Not hers. Never again.
She didn’t deserve him. Not because he was rich and she was poor, but because he’d asked for honesty, and she hadn’t been able to give him that. He deserved someone who was who they said they were, not an imposter.
Part of her wanted to shower, to wash away the sick feeling inside her, but she wouldn’t—her skin still bore traces of his scent, and she’d hold on to that for as long as possible.
She crawled between the sheets, pulling them up under her chin. The morning light filtering through her battered mini blinds didn’t match her mood. It should be pouring down rain.
What would happen when he got to Luxembourg and she wasn’t there? Would he…would he be hurt?
He didn’t deserve that.
Would he think that he’d done something wrong, that he’d hurt her?
No, no, please not that. He was wonderful.
She pulled the covers over her head and let the tears fall. She cried angry tears of self-recrimination. She cried tears of guilt and sadness for what she’d done to James, who deserved better than to be ghosted.
She cried until there were no more tears, only dry sobs, and then she slept.
While she slept, she was back in the club, back in James’s arms, and in her sleep she smiled.
Chapter 12
One Month Later – Luxembourg
“You’re in love with her.” Jun drew out the word love so it sounded more like luuurvve.
James raised a brow. “Hardly. I am, however, wildly in lust.”
“That says love.” Jun pointed at the jewelry box James held.
James held the box up, letting the sunlight hit the gems. It was
a short, choker-style necklace of braided gold, set with yellow diamonds. He’d had it custom-made for Christiana. Maybe it was too much, but he’d had a vision of her, naked except for a jeweled collar, and he hadn’t been able to get it out of his head. He’d paid an exorbitant rush fee to have the necklace made in time, but his family’s preferred jeweler—a master craftsperson in Dubai—had managed it, even sourcing the ten half-carat yellow diamonds he’d wanted.
“I got her a functional collar, too,” James said. He’d thought about a steel collar, but then opted for something more supple and elegant—a natural-tone deerskin leather collar. The inside of the collar had his initials burned into the leather where they would press against her skin.
“You’re going to officially officially collar her?” Jun asked.

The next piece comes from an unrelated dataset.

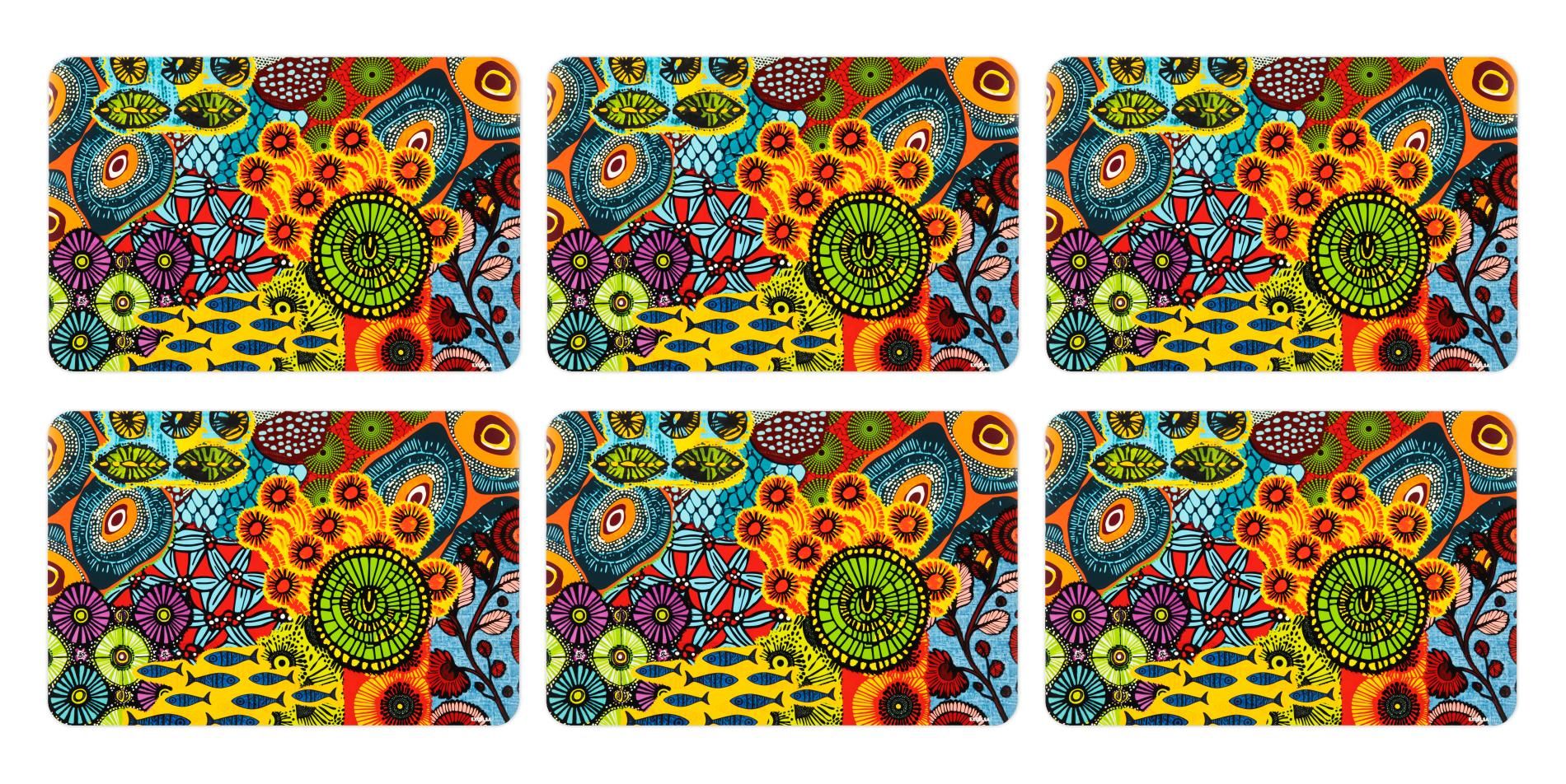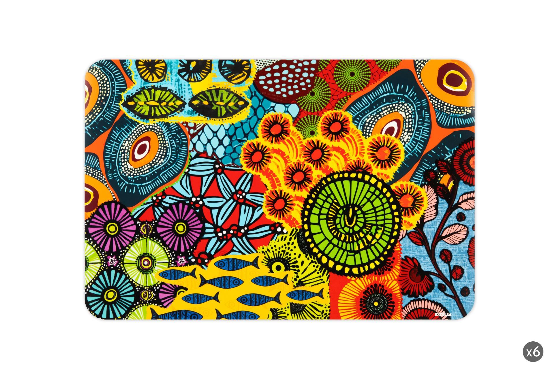 6 tovagliette, rettangolari, stile africano

“Officially officially? You have such a way with words.”
“Just for that, I’m not getting you a refill.” Jun rose from the comfortable lounge chair and walked to the bar, empty glass in hand.
The Luxembourg event started tomorrow night, but rather than stay in a hotel, they were borrowing the estate home of one of Jun’s business colleagues. The four-bed, six-bath place was elegant in an old-world way, and perhaps a bit stiff and formal, but the library was everything a man could ask for—good books on the shelves, a delightful collection of music, and a well-stocked bar. Jun had eschewed the formal living room, and instead opted to spend their time in here.
James closed the jeweler’s box and set it on the small table beside his chair, then pushed up to follow Jun, since his friend wasn’t going play server.
James placed his nearly empty glass on the bar beside Jun’s, and despite his words Jun poured a finger of the strong, sweet port.
“I want to make sure you know what you’re doing,” Jun said, the tone of teasing gone from his voice.